#### Supplied records:
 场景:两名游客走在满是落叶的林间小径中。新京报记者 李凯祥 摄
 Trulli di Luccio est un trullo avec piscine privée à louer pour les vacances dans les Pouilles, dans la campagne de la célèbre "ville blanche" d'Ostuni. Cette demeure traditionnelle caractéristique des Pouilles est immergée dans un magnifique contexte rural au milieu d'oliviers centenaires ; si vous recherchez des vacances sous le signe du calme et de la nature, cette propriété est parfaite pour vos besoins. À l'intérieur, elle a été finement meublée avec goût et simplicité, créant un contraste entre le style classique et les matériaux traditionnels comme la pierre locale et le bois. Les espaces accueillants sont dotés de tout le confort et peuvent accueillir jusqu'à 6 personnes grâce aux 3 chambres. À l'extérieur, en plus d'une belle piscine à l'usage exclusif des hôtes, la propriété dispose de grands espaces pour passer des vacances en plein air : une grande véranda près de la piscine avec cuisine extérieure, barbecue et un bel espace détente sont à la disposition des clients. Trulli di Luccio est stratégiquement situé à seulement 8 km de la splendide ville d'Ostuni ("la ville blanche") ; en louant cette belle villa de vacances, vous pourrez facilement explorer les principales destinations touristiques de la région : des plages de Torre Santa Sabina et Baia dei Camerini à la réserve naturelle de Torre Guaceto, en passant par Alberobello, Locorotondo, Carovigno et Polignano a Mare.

==

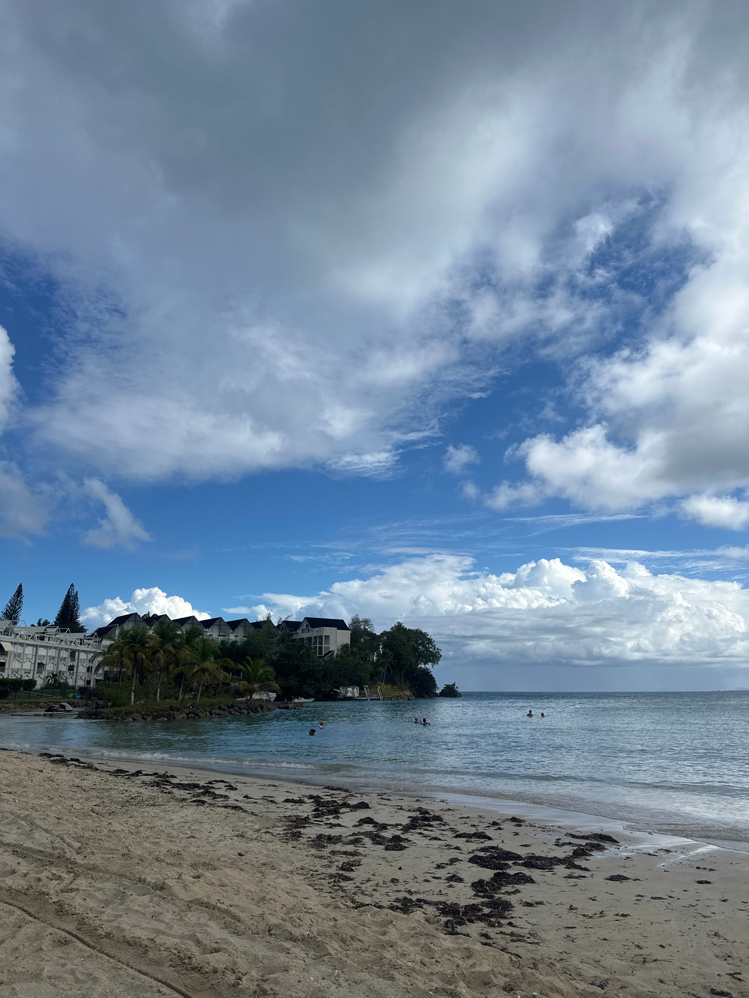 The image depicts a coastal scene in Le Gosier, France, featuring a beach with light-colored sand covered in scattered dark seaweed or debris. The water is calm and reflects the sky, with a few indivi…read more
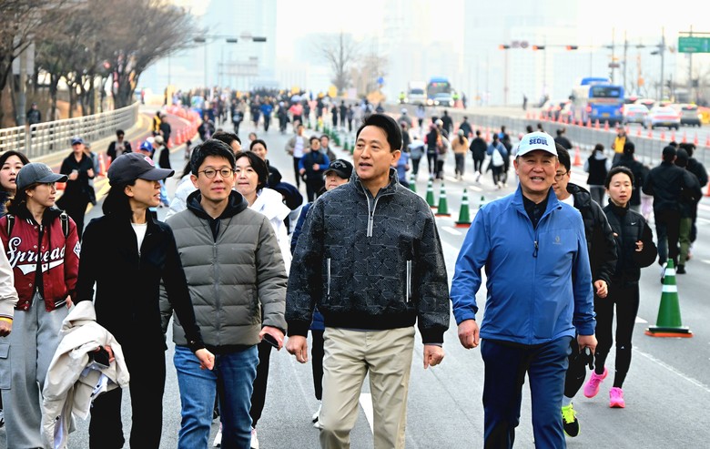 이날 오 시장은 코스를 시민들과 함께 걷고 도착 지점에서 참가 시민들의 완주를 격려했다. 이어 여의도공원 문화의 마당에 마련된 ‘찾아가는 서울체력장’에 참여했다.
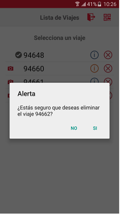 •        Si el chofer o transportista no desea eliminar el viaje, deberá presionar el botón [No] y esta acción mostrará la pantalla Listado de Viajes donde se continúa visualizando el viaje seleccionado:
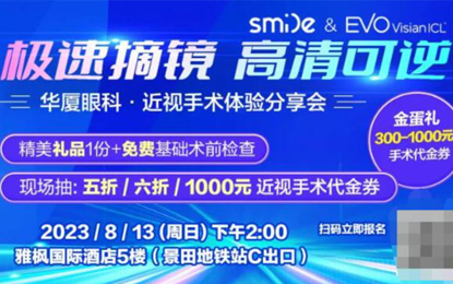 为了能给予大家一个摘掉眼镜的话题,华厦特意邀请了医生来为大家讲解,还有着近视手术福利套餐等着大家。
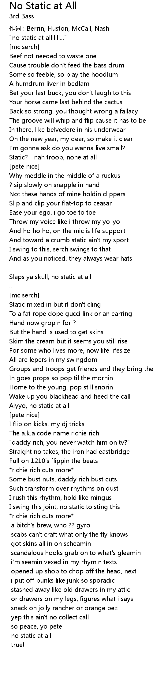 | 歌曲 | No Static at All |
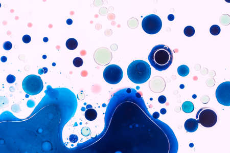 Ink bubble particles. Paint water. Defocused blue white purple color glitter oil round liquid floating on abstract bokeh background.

#### Task statement:
Starting with the line that has "Static at All |" and ending with the line that has "Ink bubble particles.", repeat the lines above exactly, omitting every picture.

#### Response to the exercise:
 | 歌曲 | No Static at All |
 Ink bubble particles. Paint water. Defocused blue white purple color glitter oil round liquid floating on abstract bokeh background.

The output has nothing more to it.